While there is no doubt that this moral hazard exists, Treasury alone can't fix it. Congress will also have to act. But so far, new financial regulations that passed the House are still stalled in the Senate. Fed Reserve Chairman Ben Bernanke also recently blamed the financial crisis on lax regulations. That also puts the blame on inaction by the Fed and other regulators.
So while the COP rightly recognizes the moral hazard, blame doesn't fall solely on Treasury or the Obama Administration. The COP report does conclude that, "So long as markets continue to believe that an implicit guarantee exists, moral hazard will continue to distort prices and endanger the nation's economy, even after the last TARP program has been closed and the last TARP dollar has been repaid."
What's Left in TARP
The first major milestone for exiting TARP will be on Oct. 3, 2010, when Treasury's authority to make new commitments to purchase assets, commit funds and establish guarantees using TARP funds will expire. This won't end TARP; it just means Treasury can't commit new funds that weren't already committed by Oct. 3, 2010. That will leave a large pool of TARP funds in the system, including:
- Unpaid TARP-related assets in preferred securities issued by banks, which was $58 billion as of Dec. 31, 2009
- $25 billion in Citigroup common stock if still owned by the government on Oct. 3
- $46.9 billion in AIG preferred stock if not sold by the government before Oct. 3
- $61 billion in shares and debt of GM and Chrysler, if not repaid or sold before Oct. 3
So Broad As to Be Meaningless
COP's biggest worry about exiting from these commitments concerns the principles used to make the exit decisions. Treasury has announced the three principals it will use to determine when to sell assets: maintaining the stability of the financial system, preserving the stability of individual financial institutions and maximizing the return on the taxpayers' investment.

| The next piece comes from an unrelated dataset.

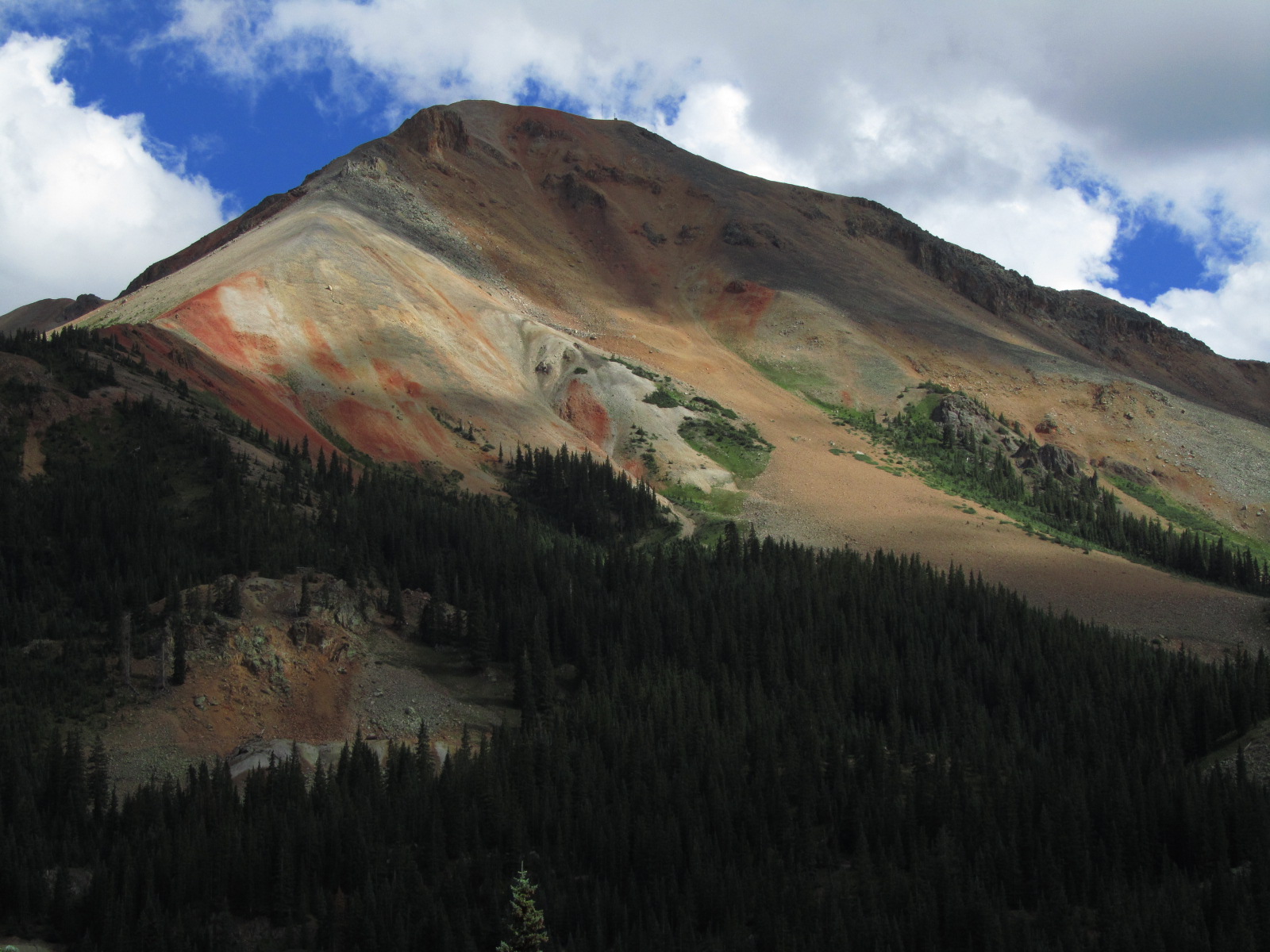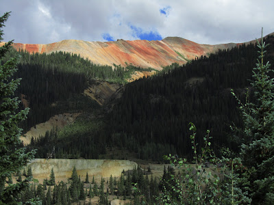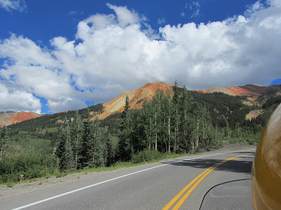 Riding south on US 550 we pass through the town of Ouray, one of many natural hot springs in Colorado. Between Ouray and Silverton we'll ascend to 11,000 feet in the Red Mountain Pass. Silver mines opened up this country, which may explain why this stretch of road is known as the "Million Dollar Highway." Riding closer to these mountains the shades of red change with the sunlight and the strata. Still more astonishing geology as every mile goes by.

But COP says the "principles as announced are so broad that they provide Treasury with a means of justifying almost any decision. This means that there is effectively no metric to determine whether Treasury's actions met its stated goals." The panel believes that "any approach may alternatively be justified as maximizing profit, or maintaining the stability of significant institutions, or promoting systemic stability."
COP also wants Treasury to do a better job of tracking how any additional funds committed under TARP are used. Treasury never required institutions that received the first TARP infusions to account for what they did with these funds. "Taxpayers have not had a clear understanding of how their money has been used," COP concludes. It wants Treasury to "require that future recipients provide much greater disclosure of their use of TARP data."
COP's asking for clearly stated, measurable principles to guide Treasury's exit from TARP seems eminently reasonable. So does its request that moral hazard be avoided. Now it's up to not just Treasury but also financial regulators and Congress to act.